Copy exactly the lines from the start of the material through the line with "stamped on the". Pictures stay out of the copy.

= SUPPLIED DATA =

[Start of Attachment]

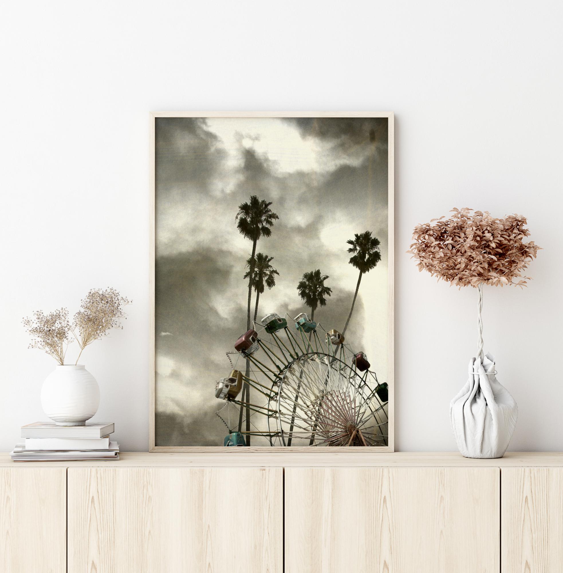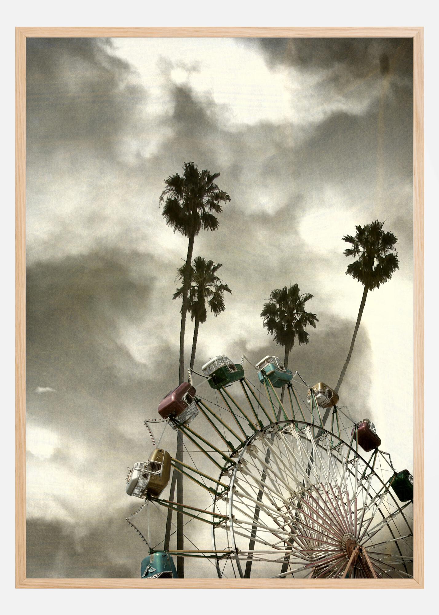 Fotografický plakát zobrazující kolotoč podobný ruskému kolu s vagóny v krásných pastelových barvách na pozadí palem a dramatické oblohy. Krásný plakát s mnoha emocemi.
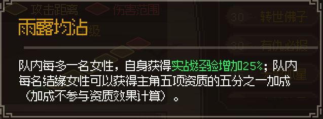 甲级特征:雨露均沾,获取途径:结缘15名异性伴侣。
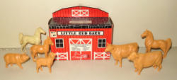 stamped on the bottom, matches the horse stable earlier in the auction, barn is 15"x12", nice original set, no box
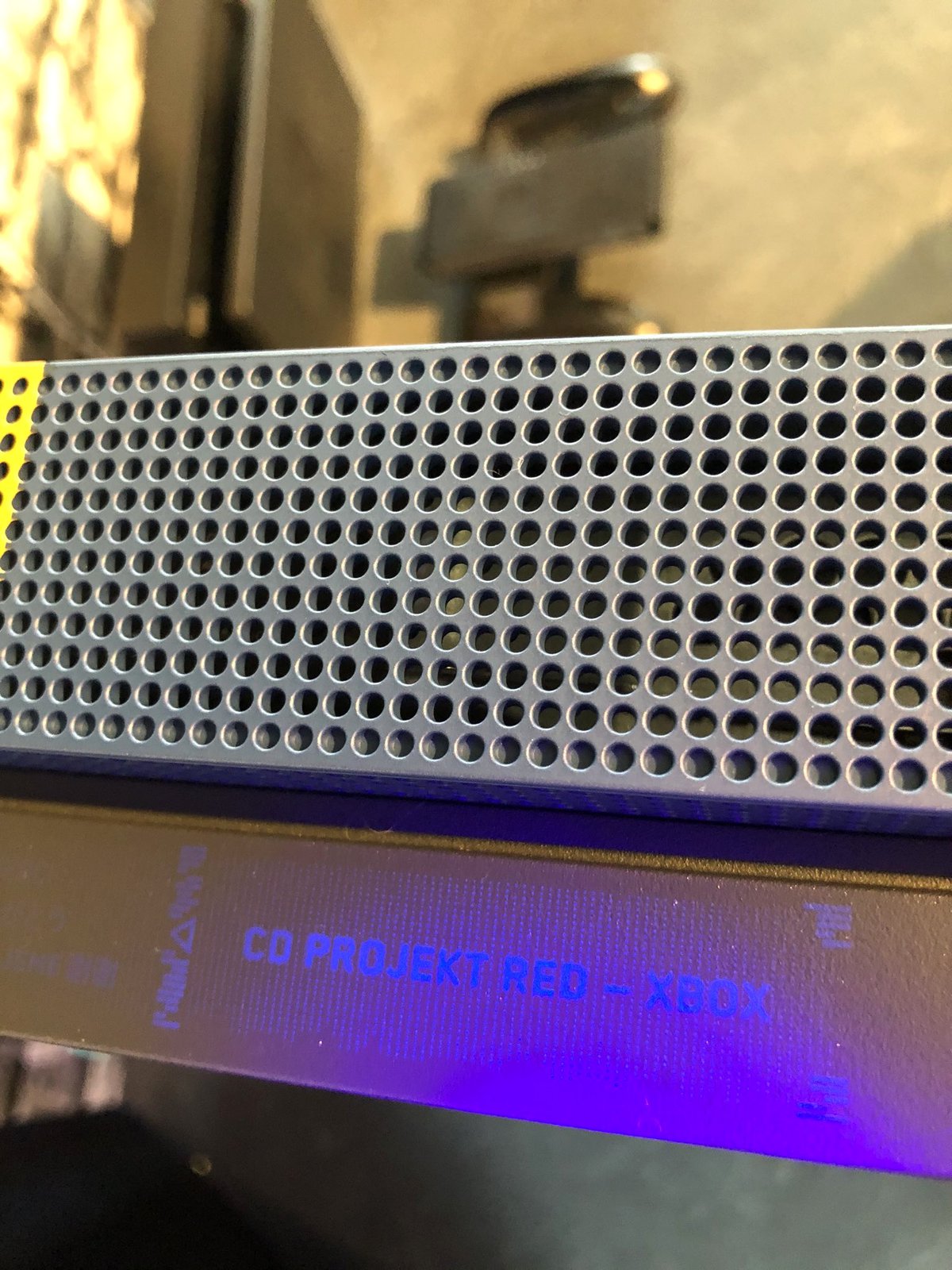 На прошлой неделе выяснилось, что на консоли Xbox One X в стиле Cyberpunk 2077 есть скрытое сообщение. Чтобы увидеть его, нужно было подсветить консоль ультрафиолетом; ее владелец, обнаруживший пасхалку, пересказал ее суть, но не показал, о чем идет речь.

[End of Attachment]

= TASK ANSWER =
 Fotografický plakát zobrazující kolotoč podobný ruskému kolu s vagóny v krásných pastelových barvách na pozadí palem a dramatické oblohy. Krásný plakát s mnoha emocemi.
 甲级特征:雨露均沾,获取途径:结缘15名异性伴侣。
 stamped on the bottom, matches the horse stable earlier in the auction, barn is 15"x12", nice original set, no box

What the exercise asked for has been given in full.